_Saved entries_:
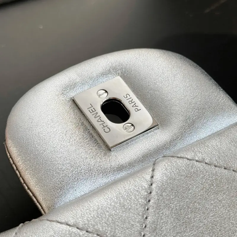 The 24c airport bag has a shiny silver sheepskin surface and a high-tech feel. Size: 40x26x12cm
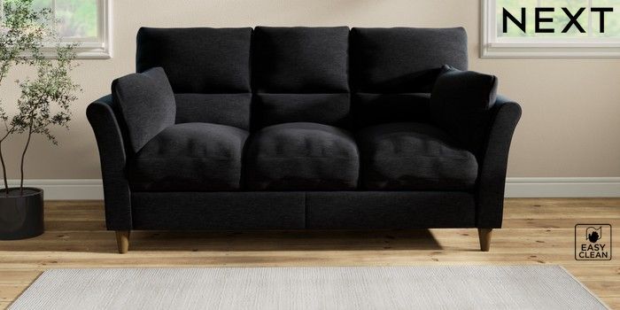 7.2.10 Hartley Highback Relaxed Sit 3 Cushion 3 Seater Sofa Fine Chenille Easy Clean Black Low Conical - Mid | Made Click here to use our website with more accessibility support, for example screen readers
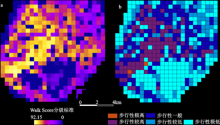 图2 城市步行环境 a. 步行指数空间分布; b.可步行性
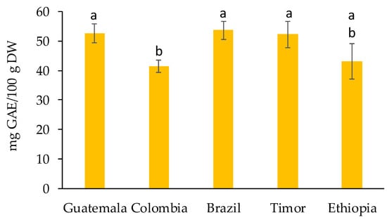 Total phenolic content of spent coffee grounds from different geographical origins expressed in mg GAE/100 g DW. Different superscript letters indicate significant differences (p < 0.05) among spent coffee grounds from different geographical origins.
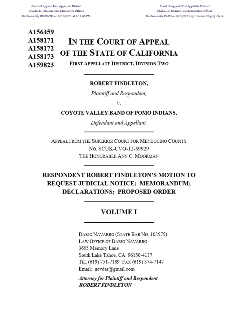 FILE STAMPED VOL 01 A159823 Respondent Findleton Motion To Request
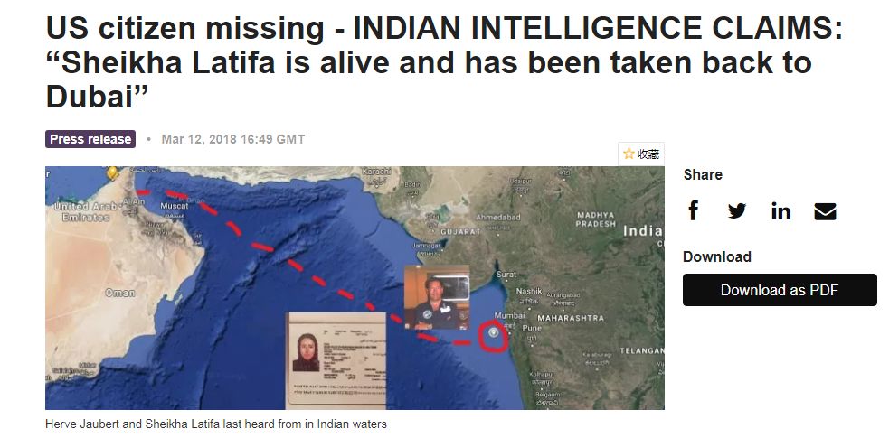2018年5月,迪拜公主拉蒂法的求救视频让举世震惊。
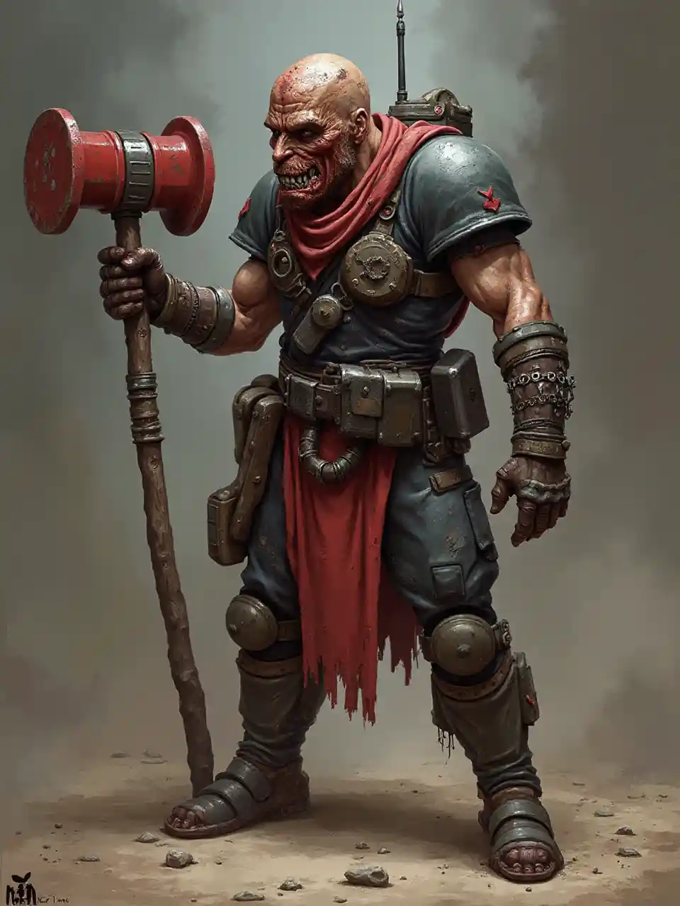 LunaBandyta grunt używa czerwonego stalowego młotka

_THE TASK_:
The whole of the data above needs retyping exactly, with pictures omitted.

_SOLUTION TO THIS TASK_:
 The 24c airport bag has a shiny silver sheepskin surface and a high-tech feel. Size: 40x26x12cm
 7.2.10 Hartley Highback Relaxed Sit 3 Cushion 3 Seater Sofa Fine Chenille Easy Clean Black Low Conical - Mid | Made Click here to use our website with more accessibility support, for example screen readers
 图2 城市步行环境 a. 步行指数空间分布; b.可步行性
 Total phenolic content of spent coffee grounds from different geographical origins expressed in mg GAE/100 g DW. Different superscript letters indicate significant differences (p < 0.05) among spent coffee grounds from different geographical origins.
 FILE STAMPED VOL 01 A159823 Respondent Findleton Motion To Request
2018年5月,迪拜公主拉蒂法的求救视频让举世震惊。
 LunaBandyta grunt używa czerwonego stalowego młotka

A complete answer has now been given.